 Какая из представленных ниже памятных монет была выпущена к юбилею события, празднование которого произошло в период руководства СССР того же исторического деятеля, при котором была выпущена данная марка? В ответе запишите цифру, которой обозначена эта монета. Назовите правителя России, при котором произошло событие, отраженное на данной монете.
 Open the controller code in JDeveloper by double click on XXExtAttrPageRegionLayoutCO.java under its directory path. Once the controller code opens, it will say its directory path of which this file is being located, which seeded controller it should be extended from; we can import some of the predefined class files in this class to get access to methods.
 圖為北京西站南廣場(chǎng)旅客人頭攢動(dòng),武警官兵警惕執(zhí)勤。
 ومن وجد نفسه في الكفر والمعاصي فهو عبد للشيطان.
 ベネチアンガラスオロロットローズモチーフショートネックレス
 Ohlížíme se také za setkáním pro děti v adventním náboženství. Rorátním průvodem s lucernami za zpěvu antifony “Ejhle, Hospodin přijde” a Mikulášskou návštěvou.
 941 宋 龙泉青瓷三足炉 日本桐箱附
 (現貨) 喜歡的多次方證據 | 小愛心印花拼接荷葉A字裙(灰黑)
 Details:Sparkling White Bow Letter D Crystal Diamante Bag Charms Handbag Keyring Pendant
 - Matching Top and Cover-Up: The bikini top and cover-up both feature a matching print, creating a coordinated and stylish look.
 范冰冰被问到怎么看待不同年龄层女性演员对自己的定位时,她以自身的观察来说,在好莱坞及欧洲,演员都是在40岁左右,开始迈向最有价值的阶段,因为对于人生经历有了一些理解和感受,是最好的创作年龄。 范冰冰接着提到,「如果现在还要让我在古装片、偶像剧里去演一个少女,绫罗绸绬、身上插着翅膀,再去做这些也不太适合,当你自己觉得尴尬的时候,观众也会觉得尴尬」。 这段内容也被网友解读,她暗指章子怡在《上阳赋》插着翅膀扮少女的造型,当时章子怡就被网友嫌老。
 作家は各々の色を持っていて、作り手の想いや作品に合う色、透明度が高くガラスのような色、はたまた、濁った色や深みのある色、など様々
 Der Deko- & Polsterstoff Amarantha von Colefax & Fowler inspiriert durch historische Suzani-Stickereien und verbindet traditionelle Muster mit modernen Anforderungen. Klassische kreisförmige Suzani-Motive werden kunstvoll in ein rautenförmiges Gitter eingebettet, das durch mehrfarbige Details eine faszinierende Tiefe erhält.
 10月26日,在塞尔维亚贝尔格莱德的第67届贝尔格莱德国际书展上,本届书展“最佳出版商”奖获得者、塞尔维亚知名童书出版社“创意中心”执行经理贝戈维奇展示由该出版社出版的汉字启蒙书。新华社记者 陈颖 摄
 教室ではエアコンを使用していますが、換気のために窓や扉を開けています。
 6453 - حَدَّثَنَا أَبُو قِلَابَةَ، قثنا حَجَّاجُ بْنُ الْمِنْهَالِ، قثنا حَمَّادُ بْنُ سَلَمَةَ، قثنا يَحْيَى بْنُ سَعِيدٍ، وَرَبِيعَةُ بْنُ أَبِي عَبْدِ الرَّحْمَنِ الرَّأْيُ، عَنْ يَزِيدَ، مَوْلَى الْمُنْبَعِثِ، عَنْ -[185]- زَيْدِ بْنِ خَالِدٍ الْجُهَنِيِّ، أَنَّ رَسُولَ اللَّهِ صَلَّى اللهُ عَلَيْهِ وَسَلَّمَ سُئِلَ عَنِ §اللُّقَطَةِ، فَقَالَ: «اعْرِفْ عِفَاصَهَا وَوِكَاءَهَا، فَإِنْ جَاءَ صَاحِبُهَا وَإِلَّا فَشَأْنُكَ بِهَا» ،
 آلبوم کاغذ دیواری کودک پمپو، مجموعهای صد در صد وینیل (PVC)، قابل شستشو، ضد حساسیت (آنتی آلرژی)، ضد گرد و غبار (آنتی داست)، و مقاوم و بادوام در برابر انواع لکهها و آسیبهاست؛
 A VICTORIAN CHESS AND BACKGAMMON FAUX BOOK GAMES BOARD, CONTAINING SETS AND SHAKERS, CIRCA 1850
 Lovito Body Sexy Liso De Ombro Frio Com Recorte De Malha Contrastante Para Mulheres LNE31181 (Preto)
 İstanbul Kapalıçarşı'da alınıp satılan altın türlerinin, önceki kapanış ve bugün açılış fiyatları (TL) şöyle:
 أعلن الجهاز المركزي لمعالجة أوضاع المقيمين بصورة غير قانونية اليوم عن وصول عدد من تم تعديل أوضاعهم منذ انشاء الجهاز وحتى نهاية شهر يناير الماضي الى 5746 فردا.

====

• **Prompt**
Each line of the data that contains "Details" belongs in the answer.

• **Response**
 Details:Sparkling White Bow Letter D Crystal Diamante Bag Charms Handbag Keyring Pendant
 Der Deko- & Polsterstoff Amarantha von Colefax & Fowler inspiriert durch historische Suzani-Stickereien und verbindet traditionelle Muster mit modernen Anforderungen. Klassische kreisförmige Suzani-Motive werden kunstvoll in ein rautenförmiges Gitter eingebettet, das durch mehrfarbige Details eine faszinierende Tiefe erhält.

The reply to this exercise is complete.